At an intersection ahead, a sidewalk juggler had collected a cluster of spectators. I put on a burst, slid through the fringe of the crowd and around the corner. I stopped, counted to ten slowly, then plunged back the way I had come, just in time to collide with my pursuer, coming up fast.
We both yelped, staggered, groped for support, disengaged, muttering excuses, and separated hurriedly. I crossed the street, did an elementary double-back through an arcade, and watched him hurry past. Then I hailed a noisily cruising helicab that had probably been condemned and sold by the City of New York Transit Authority a dozen years earlier.
I caught a glimpse of him standing on the corner looking around worriedly as we lifted off over the rooftops.
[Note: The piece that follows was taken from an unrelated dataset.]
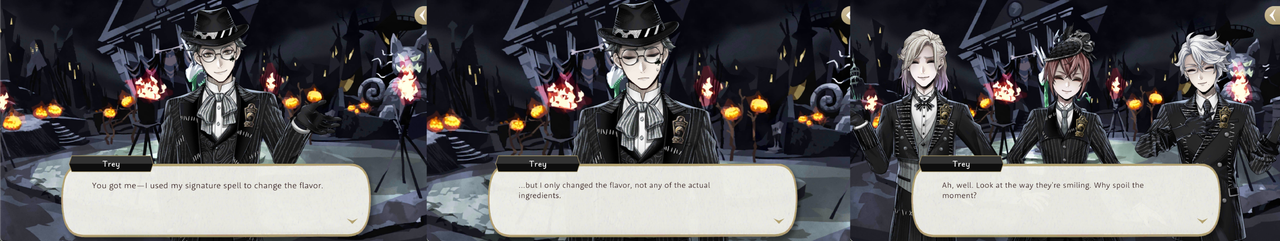Trey also uses his unique magic during the Nightmare Before Christmas event to make a soup more palatable. Trey quietly reflects, “..but I only changed the flavor, not any of the actual ingredients. Ah, well. Look at the way they’re smiling. Why spoil the moment?”

I didn't waste any sympathy on him; he had been carrying a heavy solid-slug pistol under one arm, a light energy gun under the other, and at least three hypo-spray syringes under his left lapel-probably containing enough assorted poisons to suit any personality he might take a dislike to.
I took out his wallet and riffled through it; there were a couple of hundred Algerian francs, a new two cee American bill, a folded paper containing a white powder, a soiled card imprinted with the name of a firm specializing in unusual photographs, one of the photographs, a week-old horoscope, and a scrap of paper with my name scrawled on it. I didn't know whether it was Julius' handwriting or not, but there was enough of a UN watermark showing to make the question academic.
The cab dropped me in the wide plaza in front of the down-at-heels aluminum and glass Army-Navy-Air Club. I gave the driver the little man's two hundred francs. He accepted it without comment; maybe New York had thrown him in on the deal with the heli.
***
I had an hour or two to kill. It would be necessary to stay away from my room long enough to give Julius-or anyone else with an interest in my movements-adequate time to look over the evidence planted there to satisfy himself about my mission in Tamboula.